Sabalenka Kalahkan Pegula, Laju ke Final US Open Keempat Beruntun

Cakrawala News – 12 September 2026 | Jessica Pegula sukses melaju ke semifinal US Open 3 kali beruntun, namun langkahnya kembali terhenti di tangan Aryna Sabalenka. Petenis unggulan pertama asal Belarusia itu melaju ke final US Open untuk keempat kalinya secara beruntun setelah mengalahkan Pegula dua set langsung 7-5, 6-2 di Stadion Arthur Ashe, New York, Jumat WIB.

Sabalenka memastikan kemenangan dalam waktu 1 jam 20 menit. Hasil ini sekaligus memperpanjang dominasinya atas Pegula di New York, dengan ia selalu menang dalam tiga pertemuan terakhir mereka di US Open.

Kemenangan tersebut membuat Sabalenka menjadi petenis pertama pada era tenis modern atau Open yang mampu mencapai delapan final Grand Slam lapangan keras secara beruntun. Ia melewati catatan tujuh final beruntun yang sebelumnya dicapai Steffi Graf, Martina Hingis, dan Novak Djokovic.

Sabalenka juga menjadi petenis putri keenam pada era Open yang mencapai setidaknya empat final tunggal putri US Open secara berturut-turut. Ia menyamai pencapaian Evonne Goolagong Cawley, Chris Evert, Martina Navratilova, Graf, dan Serena Williams.

Perlawanan ketat di set pertama

Menghadapi Pegula, Sabalenka mendapat perlawanan ketat pada set pertama. Kedua petenis sama-sama mampu mempertahankan servis hingga kedudukan 5-5 dan hanya menghasilkan satu peluang break masing-masing.

Sabalenka kemudian merebut gim ke-11 untuk unggul 6-5 sebelum mematahkan servis Pegula pada gim berikutnya melalui pukulan backhand yang gagal dikembalikan lawannya.

Pada set kedua, Sabalenka mulai menjauh. Ia memanfaatkan peluang break keempat melalui forehand winner dari pengembalian servis kedua Pegula untuk memimpin 3-1.

Pegula kesulitan melalui servis keduanya dengan hanya memenangi lima dari 19 poin atau 26 persen. Sebaliknya, Sabalenka hanya menghadapi satu peluang break sepanjang pertandingan dan kembali mematahkan servis Pegula untuk memastikan kemenangan 6-2.

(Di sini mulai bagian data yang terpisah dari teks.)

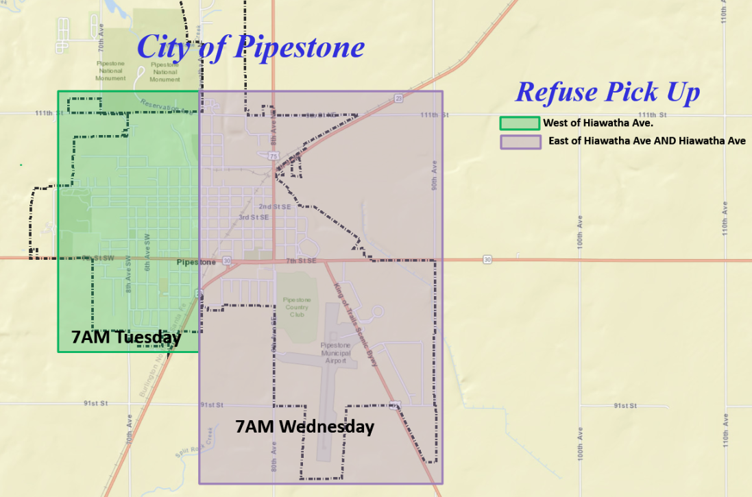 City of Pipestone Garbage Pick Up Map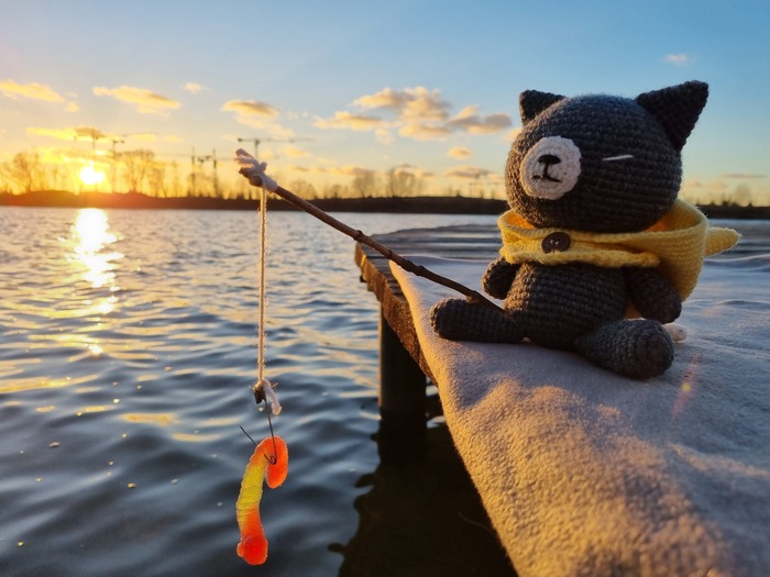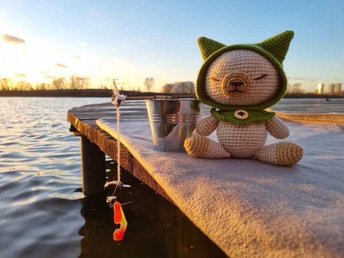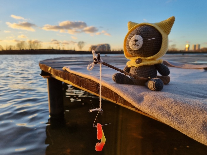 Для того, чтобы пофотографировать в этот раз этих котиков (по мне, они заслуживают самых интересных фотографий), я вывела их на рыбалку. Пускай погода стояла морозная (в тот день выпал первый снег), фотографий котиков я принесла домой больше, чем обычно. Хоть Котик Робин и самый сложный в исполнении, пока его внешний вид является для меня самым интересным из моих последних авторских описаний - эти котики мне напоминают средневекового Робин Гуда или какого-то покемона.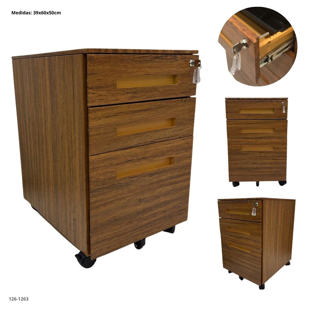 Cada gaveta cuenta con manijas ergonómicas y sistema de bloqueo superior con llave, brindando seguridad y privacidad para documentos importantes.
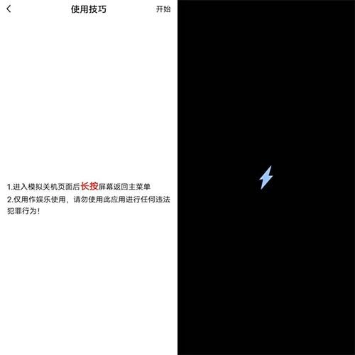 4、这个功能非常简单,就是点击开始即可模拟关机页面,长按屏幕回到主菜单。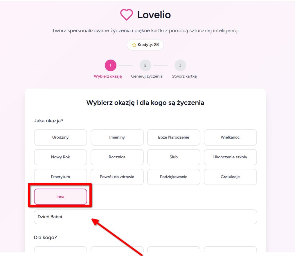 2. Wybrać okazję Inne, wpisać Dzień Babci i Dziadka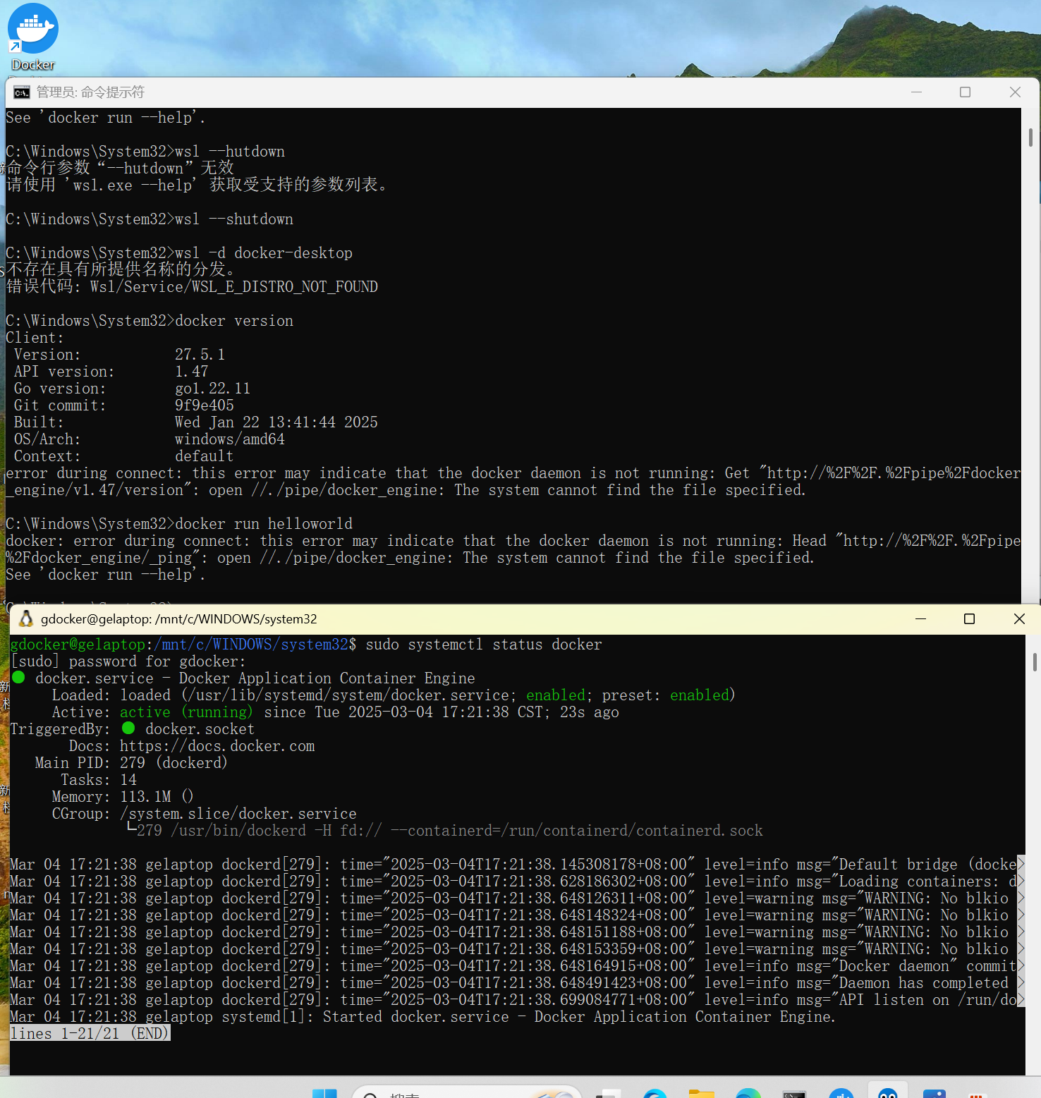 求助帖:Windows11系统 wsl 无法启动Docker #597

Dalam laporan lain, Sabalenka tercatat mencatatkan tujuh ace dan 29 winner, sekaligus membatasi ruang gerak lawannya. Serangkaian groundstroke kerasnya membuat Pegula tertinggal 0-40 pada momen krusial set pertama, sebelum akhirnya Sabalenka mengamankan set point setelah pengembalian Pegula menyangkut di net.

Dorongan terakhir di Grand Slam

Sabalenka mengaku sangat ingin menang, terutama setelah kalah dalam pertandingan sulit melawan Pegula di lapangan rumput dan tidak tampil terlalu baik di pertengahan musim.

“Saya sangat ingin menang. Saya kalah dalam pertandingan yang sulit melawan Jess di lapangan rumput dan tidak tampil terlalu baik di pertengahan musim,” kata Sabalenka dalam konferensi pers seusai pertandingan dikutip dari WTA.

“Rasanya, jika berbicara tentang Grand Slam, ini seperti dorongan terakhir bagi saya pada musim ini. Saya sangat ingin mencapai final dan tentu saja ingin melangkah sampai akhir,” ujarnya menambahkan.

Sabalenka pun menilai performanya kali ini lebih baik dibandingkan pertemuan-pertemuan sebelumnya dengan Pegula. Pegula, yang sempat mengalahkan Sabalenka di lapangan rumput Berlin tahun ini, disebut mengakui bahwa laga kali ini adalah penampilan terbaik Sabalenka sepanjang tahun.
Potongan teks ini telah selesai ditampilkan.